Although 28 studies were performed on the use of intermediate screws, no literature exists on the ideal characteristics of these intermediate screws. In our included literature, different types and sizes of screws were used as intermediate screws. Guven et al. and Chang et al. used shorter screws in the fractured vertebra compared to the screws in the non-fractured vertebra [15, 39]. The 6-screw construct by Farrokhi et al. used all same size screws [21]. Poly-axial intermediate screws were used by Sun et al., whereas mono-axial intermediate screws were used by Guven et al. [14, 15]. Hence, there is no consensus on what size and type of intermediate screw are the most favourable. Future (biomechanical) studies are needed on this topic.

The results of our systematic review and meta-analysis are in line with previous and smaller systematic reviews comparing 4S construct with the 6S construct [52,53,54]. However, these previous reviews were no longer up to date (included studies until 2017) or did not include all available data due to a language restriction. To date, this is the first and largest review in which all available and up to date literature on this topic is included. Both RCTs and retrospective cohort studies were included in this systematic review, but a subgroup meta-analysis was performed for RCTs and retrospective studies. For most outcomes, the meta-analysis for the RCT and retrospective studies corresponded well; therefore, results from the retrospective studies seem to be reliable and valuable for the overall meta-analysis.

This review still has some limitations. Although most studies were randomized controlled trials, sample sizes were small and in most studies, the type of randomization was not clearly stated or mentioned at all. This potential risk of bias together with the non-blinded fashion both devaluated the quality of evidence in the GRADE, especially for the outcomes that were subjective, or patient reported. Together with the statistical heterogeneity (I2), this led to the devaluation of the quality of evidence for most outcomes to “moderate” or “low”.

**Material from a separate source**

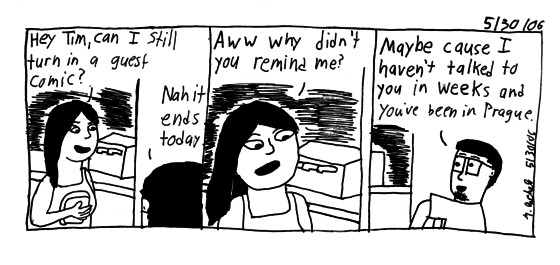 I think this is the perfect way to end a guest comic week. Not a thank you, but a fuck off. Thanks so much to Jon for providing a good sentament to the end. Also bravo for using photoshop to make this comic. Jon is a graphic designer I met at school and drink with frequently, ha. He doesn't have a website, so yea.

Moreover, the included studies seem to have heterogeneous populations with different indications for posterior fixation. Although all studies included fractures from level T10 to L5, different fracture types with different classification systems (type A, B or C according to AO/Magerl and type A, B, C or D according to Denis) and patients different neurological status (Frankel A to E) were included in the different studies. Some studies even did not explicitly describe the number of patients in each fracture type or neurological status at all. Mahar et al. showed that the placement of screws at fracture level improves construct rigidity and shields the fractured vertebra from anterior loads [45]. Therefore, especially comminuted fractures that are less stable due to lack of anterior support might benefit more from rigid constructions with intermediate screws. Future studies should direct at which type of fractures benefit the most from 6-screw constructs.

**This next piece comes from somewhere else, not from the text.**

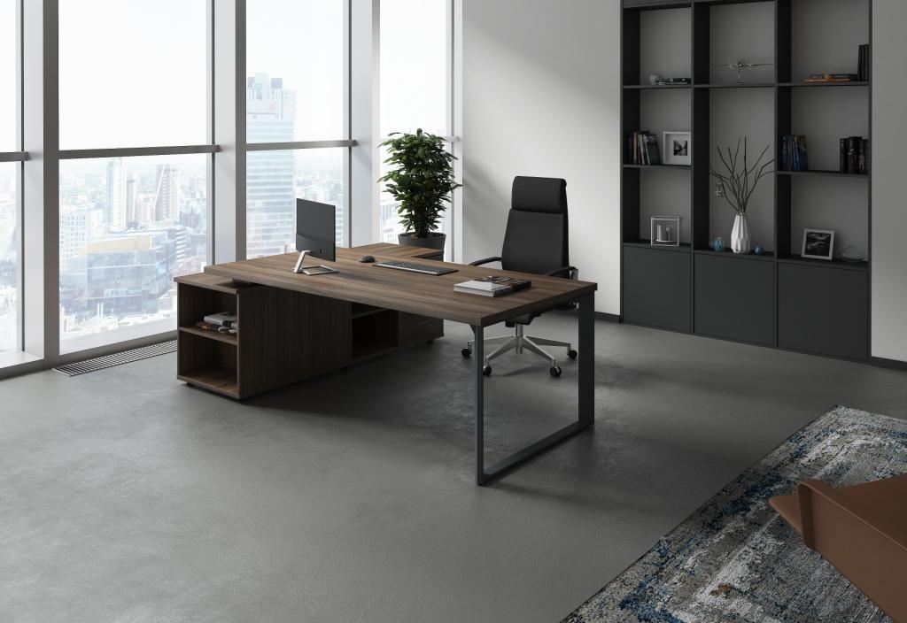 Оригинальное сочетание массивной столешницы и изящных металлических опор с расположенными под углом 45° к столешнице вертикальными стойками придаёт коллекции неповторимый шарм.

The use of open and percutaneous techniques also implied heterogeneity and poses another limitation of this review. The majority of the included studies used an open technique, while only 3 used a percutaneous technique. Previous studies have shown that percutaneous techniques might result in better outcomes than open techniques, regardless of the placement of additional screws [55]. Besides, a 6S construct might have different impact in percutaneous surgery than in open surgery. Our subgroup analysis group showed less differences between the 4S and 6S constructs in percutaneous surgery, but this might be the result of smaller sample sizes and therefore statistically insignificance.

Conclusion

This systematic review and meta-analysis show that in the treatment of thoracolumbar fractures, the addition of intermediate screws at the fractured level results in significantly less post-operative pain, better radiological outcomes and less implant failure at the cost of a longer operation time and higher blood loss. However, most differences in outcome were small and the overall quality of the evidence was moderate to low. More studies on this topic are needed and should be directed more at patient reported outcomes and at which specific fracture types benefit the most from intermediate screws.